L’inchiesta della Procura di Milano esce allo scoperto negli stessi giorni in cui indagini antimafia e sentenze colpiscono i pilastri di vent’anni di centrodestra in Italia e riscoprono nomi intramontabili delle bustarelle rosse. Così ecco la fuga in Libano del fondatore di Forza Italia, Marcello Dell’Utri, condannato per concorso esterno a Cosa Nostra, l’arresto del ministro dell’Interno ai tempi del G8 a Genova, Claudio Scajola, successivamente famoso per l’appartamento sul Colosseo pagato a sua insaputa, fino all’intrigo massonico che lega i due con la rete che protegge la latitanza dell’ex parlamentare berlusconiano, Amedeo Matacena, condannato a sua volta per concorso esterno alla ‘ndrangheta.
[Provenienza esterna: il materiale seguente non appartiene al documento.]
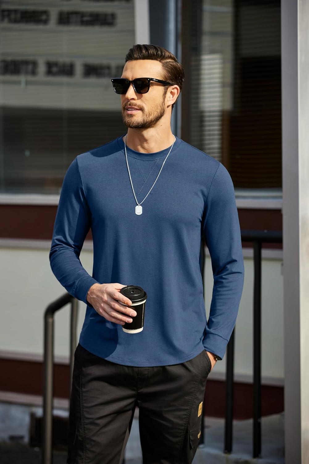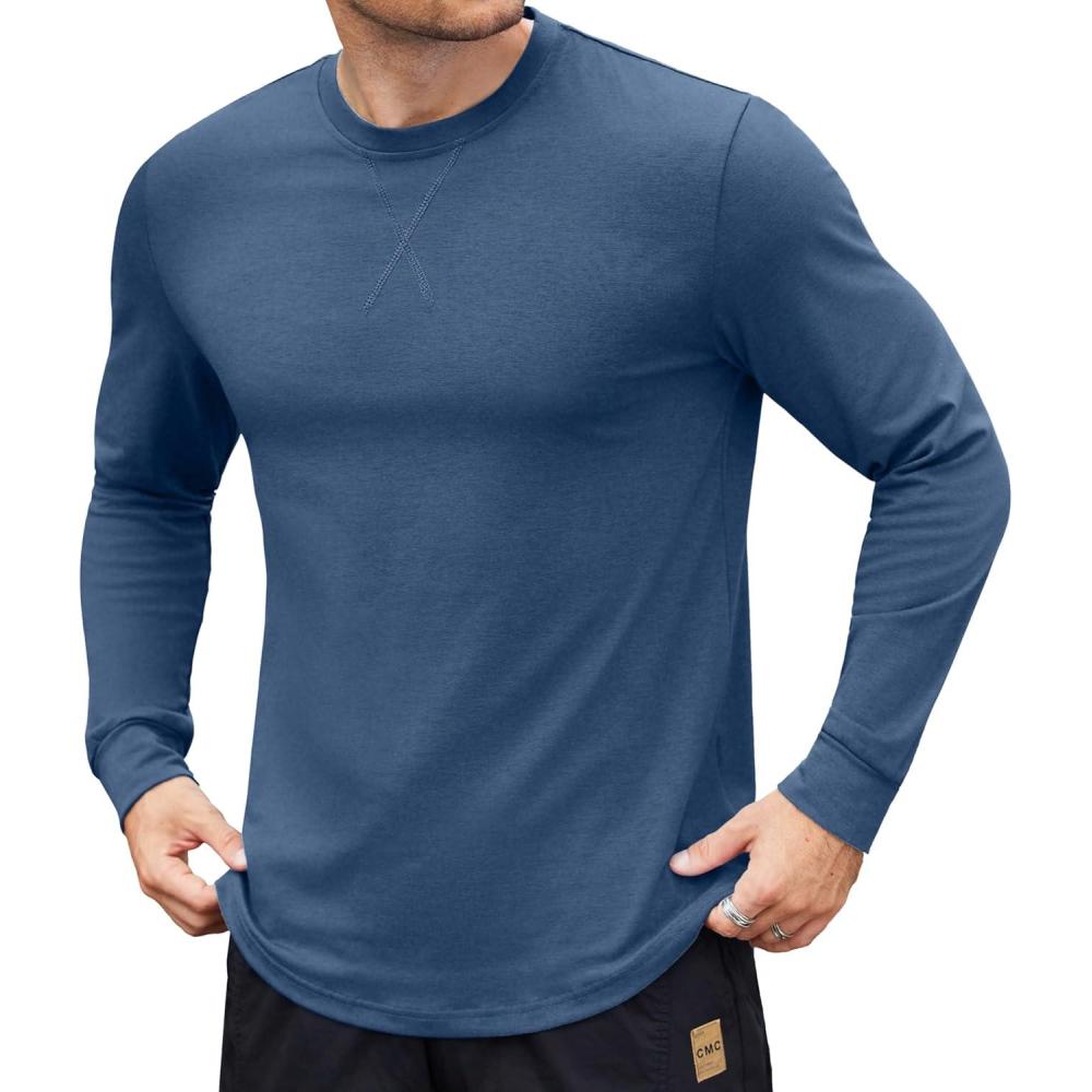 COOFANDY Mens Cotton Hipster Hip Hop Longline Crewneck T Shirts Casual Long Sleeve Tees Curved Hem Gym Shirts(One Piece- Grey)

Ma ecco anche il ruolo di Primo Greganti, l’ex cassiere del Pci arrestato e condannato durante la prima inchiesta di Mani pulite e ancora operativo, secondo la Procura, nei contratti per l’Expo e la sanità con il coinvolgimento di alcune importanti cooperative. Tanto per confermare quanto l’appalto con l’aiutino della stecca non faccia schifo nemmeno a sinistra. Se questo sia l’inizio di una stagione rinnovata di Mani pulite dipende dal supporto di uomini e mezzi che il ministro dell’Interno, Angelino Alfano, e il collega della Giustizia, Andrea Orlando, forniranno alle indagini.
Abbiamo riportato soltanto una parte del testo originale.